Exercise -
Go to the line with "Tuấn Kim Mẹ" in the records below, then output it and each following line exactly, up to and including the line with "Against a neutral". Skip pictures and add nothing.

Exercise data -

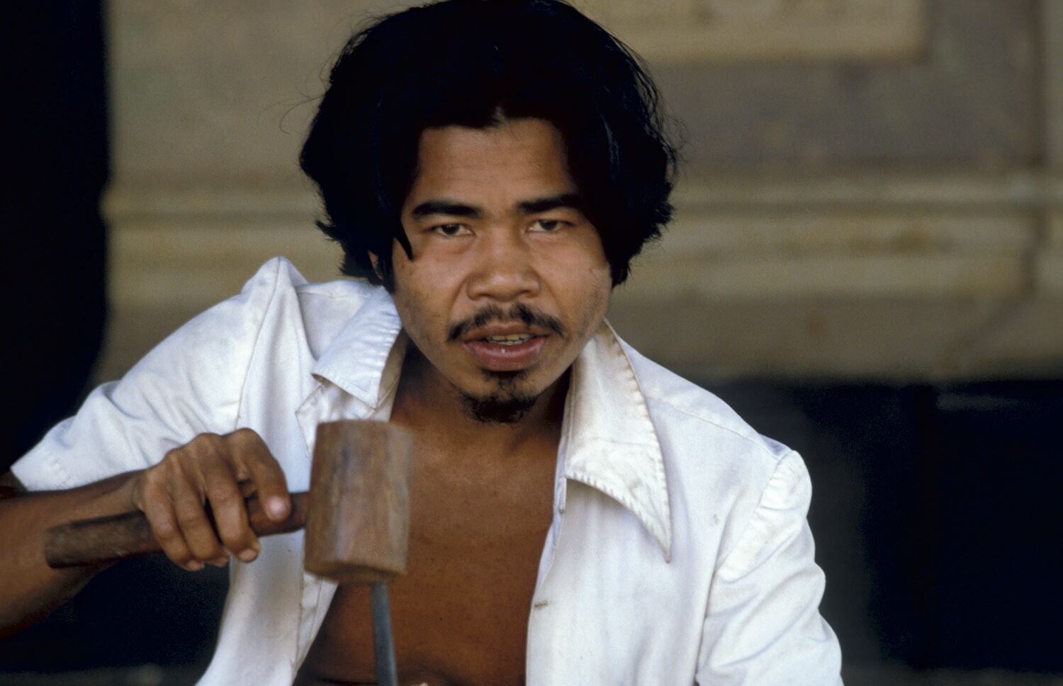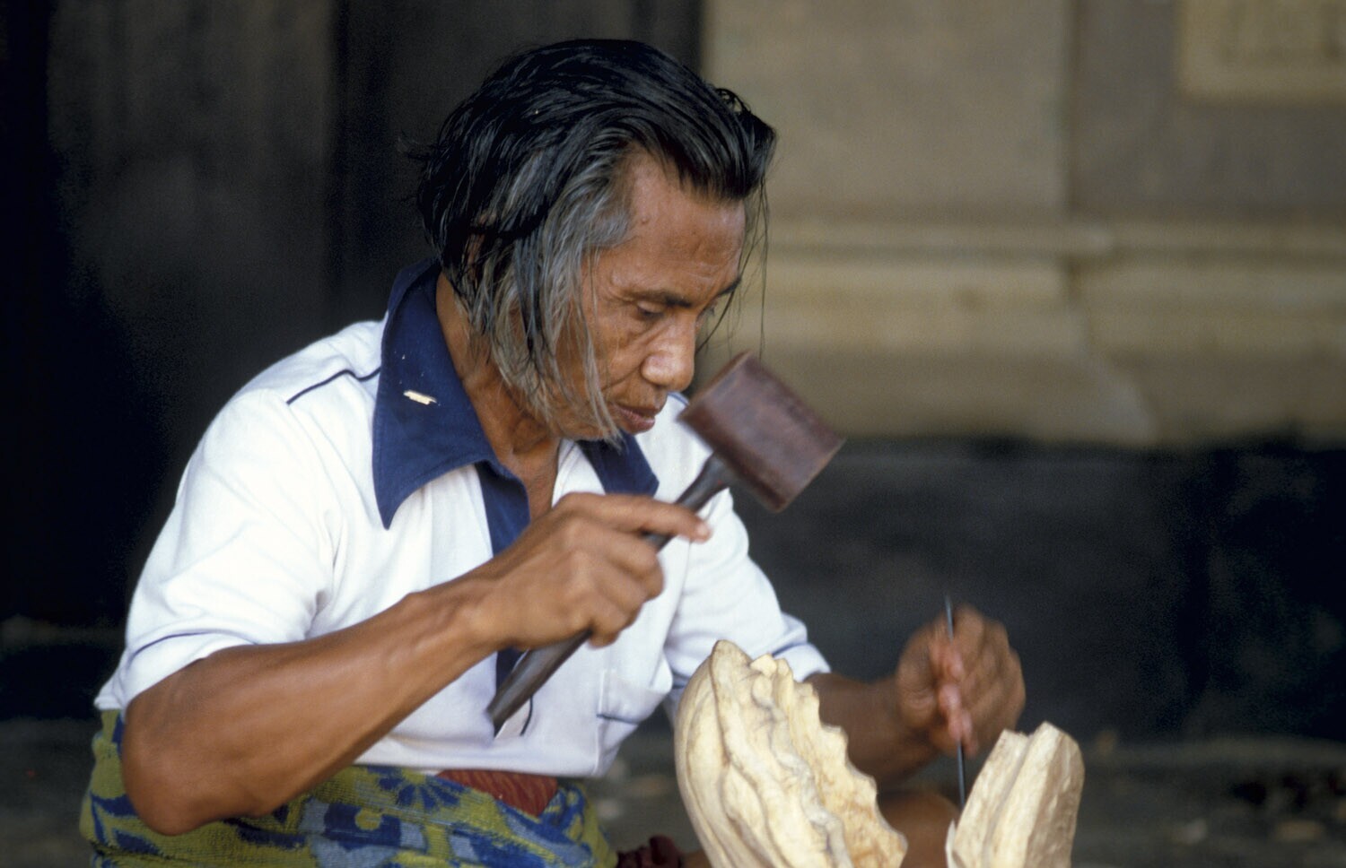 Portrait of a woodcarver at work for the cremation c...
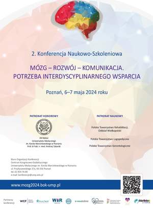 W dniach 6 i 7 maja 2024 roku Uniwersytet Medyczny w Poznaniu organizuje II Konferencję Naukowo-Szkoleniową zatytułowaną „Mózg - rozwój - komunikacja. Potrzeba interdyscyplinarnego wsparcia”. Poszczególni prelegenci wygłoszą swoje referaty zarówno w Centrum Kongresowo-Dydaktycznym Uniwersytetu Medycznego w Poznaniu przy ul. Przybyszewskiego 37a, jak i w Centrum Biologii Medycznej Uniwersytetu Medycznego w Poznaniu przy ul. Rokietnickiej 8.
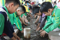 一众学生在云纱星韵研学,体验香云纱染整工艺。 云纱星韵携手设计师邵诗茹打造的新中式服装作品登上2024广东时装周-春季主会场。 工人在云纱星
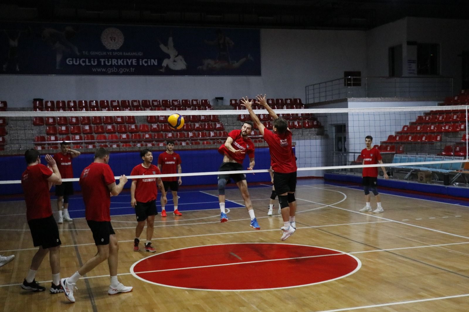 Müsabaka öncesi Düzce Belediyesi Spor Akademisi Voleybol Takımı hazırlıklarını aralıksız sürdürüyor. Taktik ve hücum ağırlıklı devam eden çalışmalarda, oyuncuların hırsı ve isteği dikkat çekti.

==

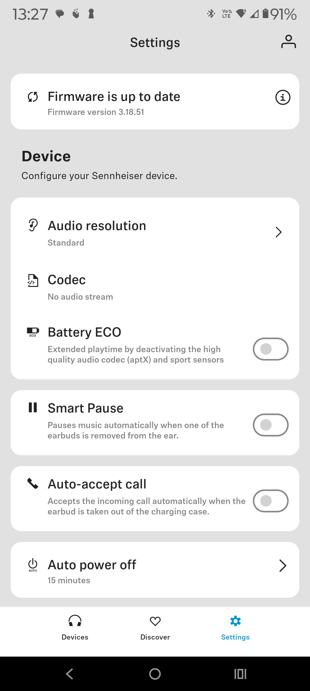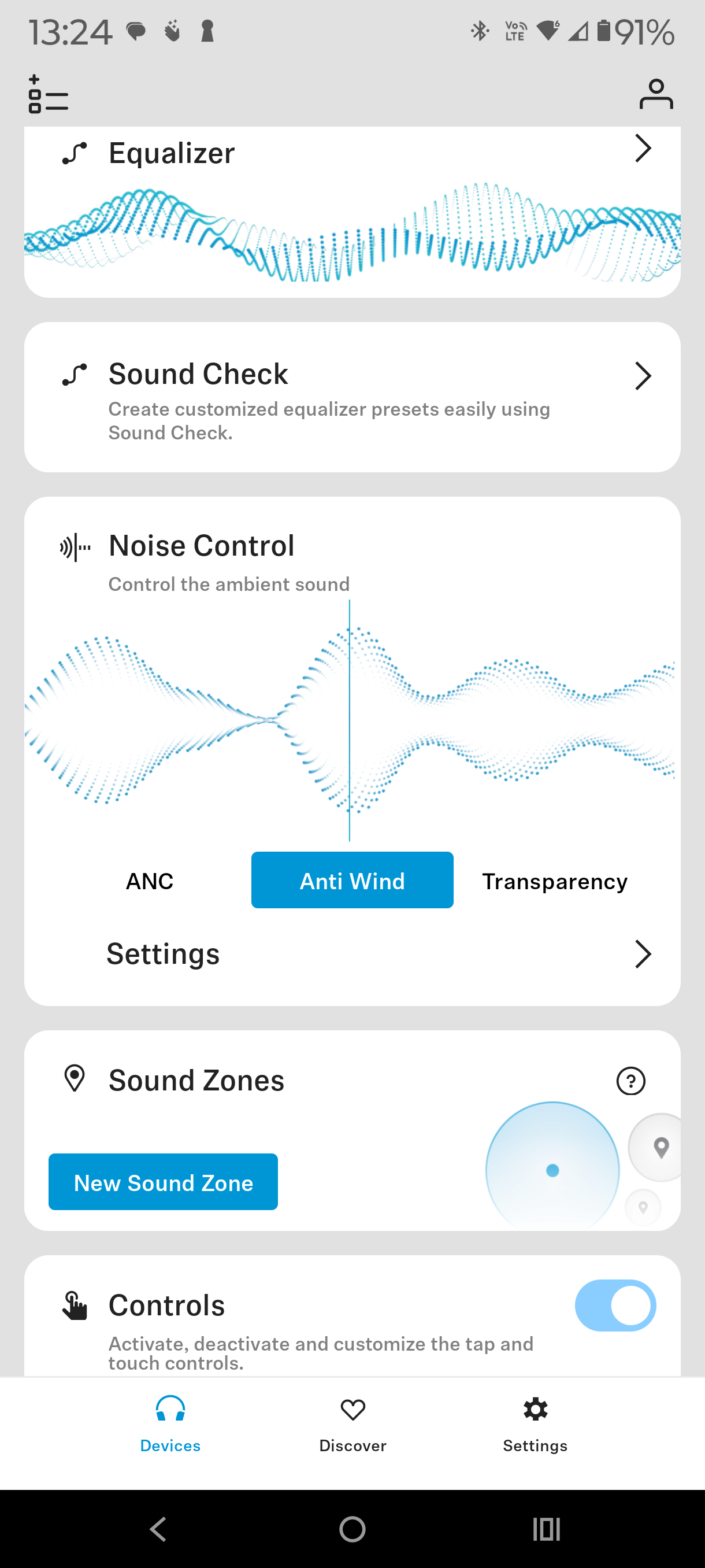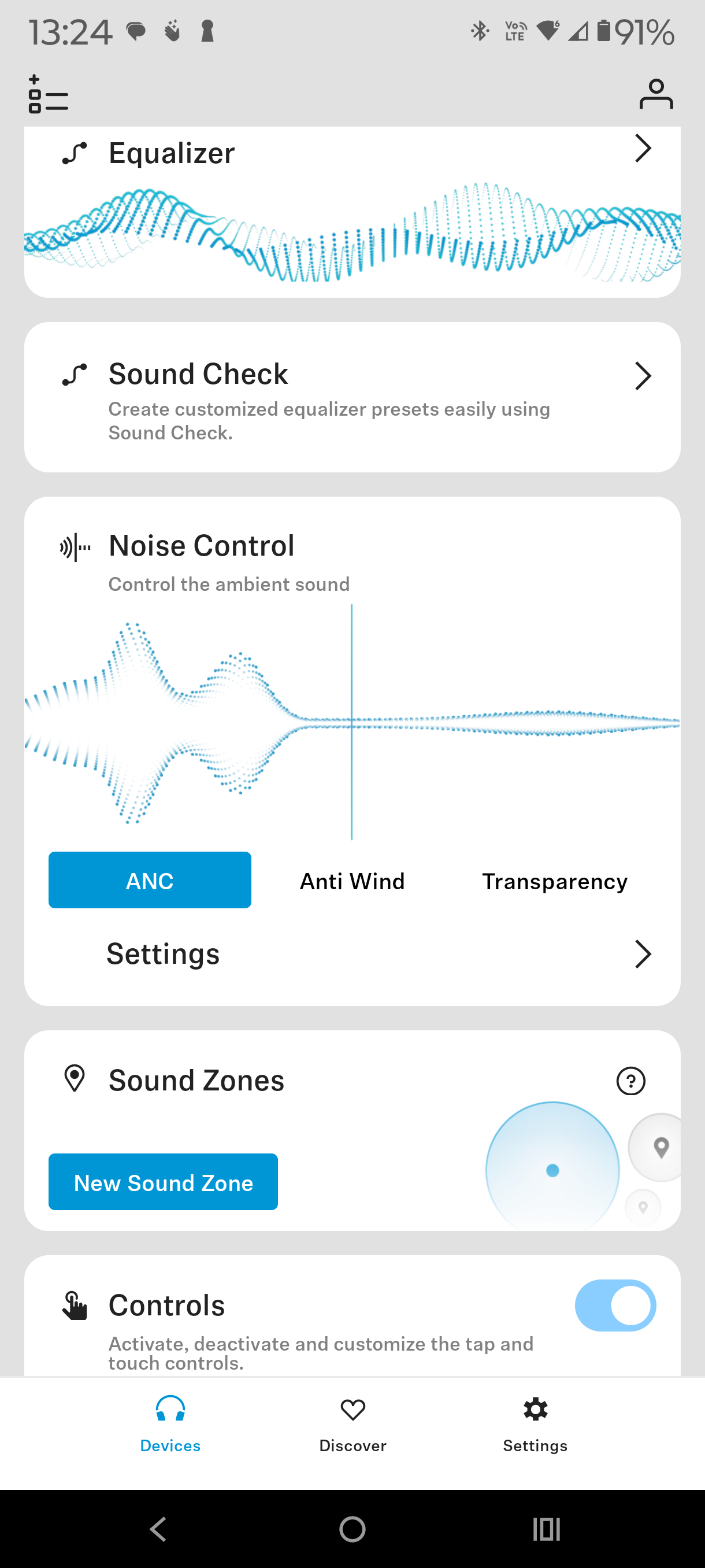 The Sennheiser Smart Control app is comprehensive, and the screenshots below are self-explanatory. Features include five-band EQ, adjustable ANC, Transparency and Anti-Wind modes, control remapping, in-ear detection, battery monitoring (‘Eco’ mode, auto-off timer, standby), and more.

...

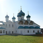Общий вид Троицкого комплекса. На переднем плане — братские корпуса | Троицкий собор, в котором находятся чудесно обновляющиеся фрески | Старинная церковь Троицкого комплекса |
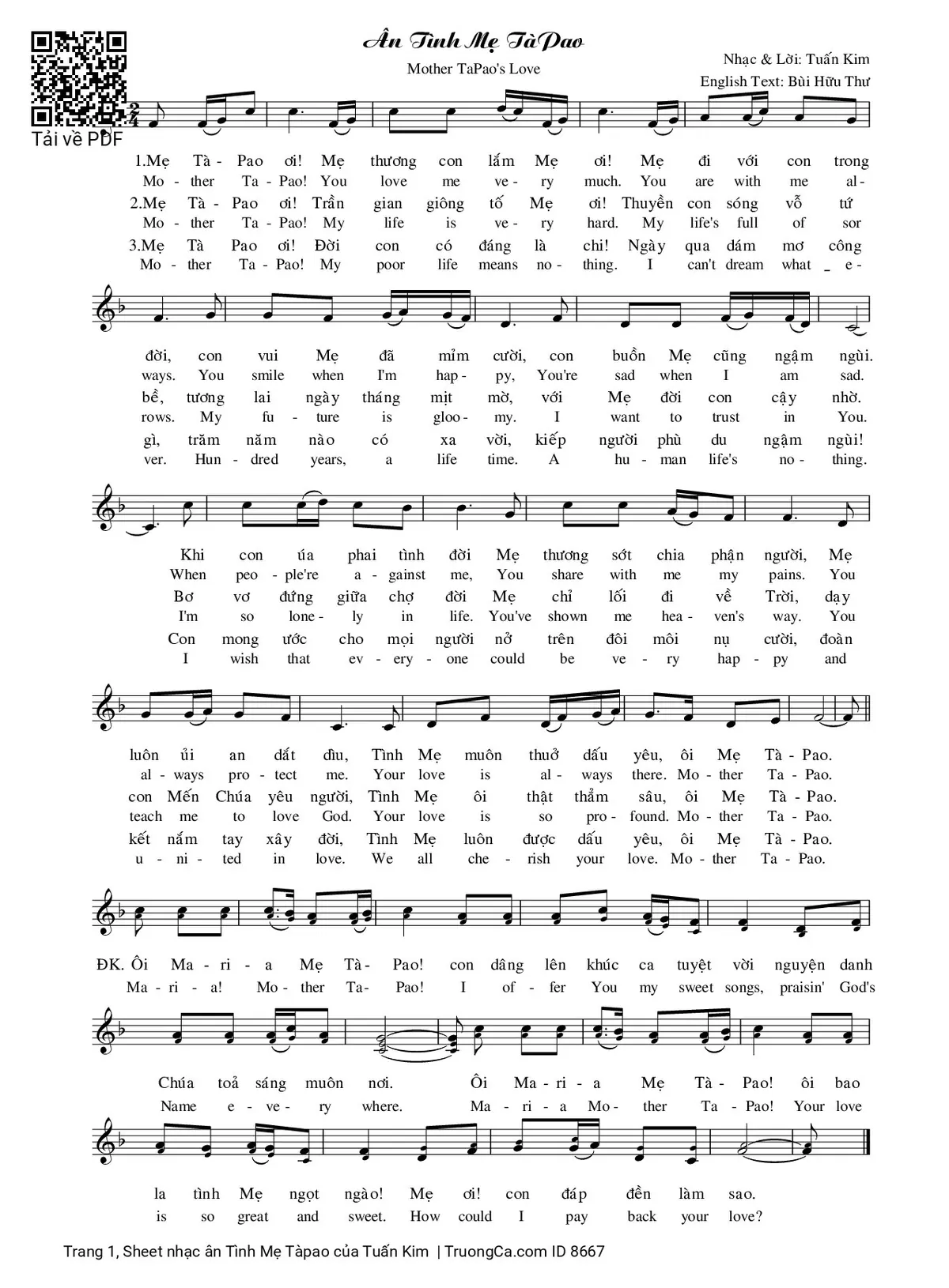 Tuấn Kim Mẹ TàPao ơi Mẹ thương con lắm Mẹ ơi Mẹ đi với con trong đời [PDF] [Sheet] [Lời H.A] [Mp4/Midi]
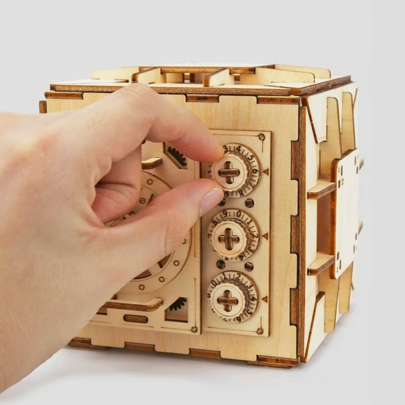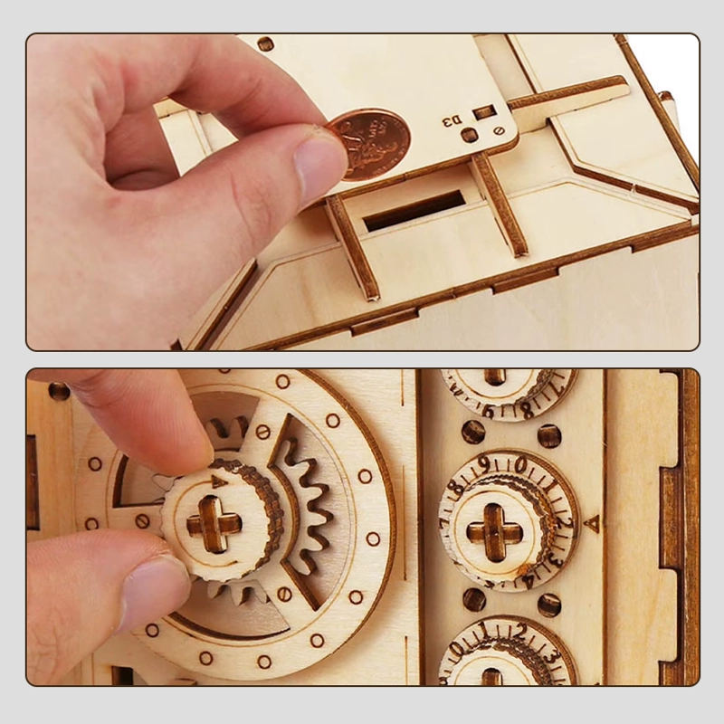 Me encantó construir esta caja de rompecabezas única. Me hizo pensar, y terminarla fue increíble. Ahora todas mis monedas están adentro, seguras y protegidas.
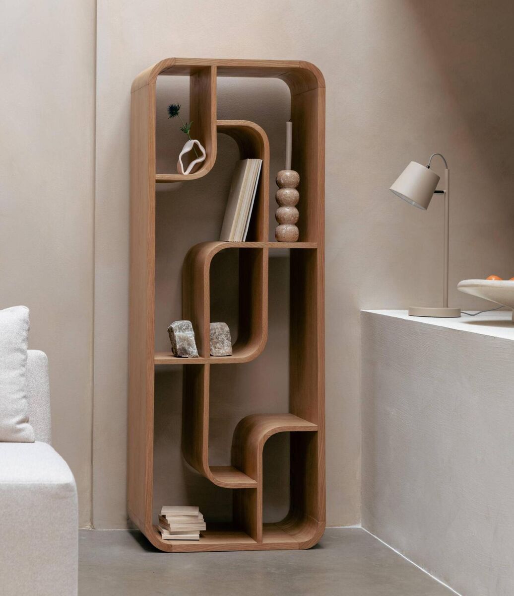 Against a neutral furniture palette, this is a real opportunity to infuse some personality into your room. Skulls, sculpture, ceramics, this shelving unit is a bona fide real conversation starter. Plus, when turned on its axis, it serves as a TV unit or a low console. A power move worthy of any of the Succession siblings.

Response to this exercise -
 Tuấn Kim Mẹ TàPao ơi Mẹ thương con lắm Mẹ ơi Mẹ đi với con trong đời [PDF] [Sheet] [Lời H.A] [Mp4/Midi]
 Me encantó construir esta caja de rompecabezas única. Me hizo pensar, y terminarla fue increíble. Ahora todas mis monedas están adentro, seguras y protegidas.
 Against a neutral furniture palette, this is a real opportunity to infuse some personality into your room. Skulls, sculpture, ceramics, this shelving unit is a bona fide real conversation starter. Plus, when turned on its axis, it serves as a TV unit or a low console. A power move worthy of any of the Succession siblings.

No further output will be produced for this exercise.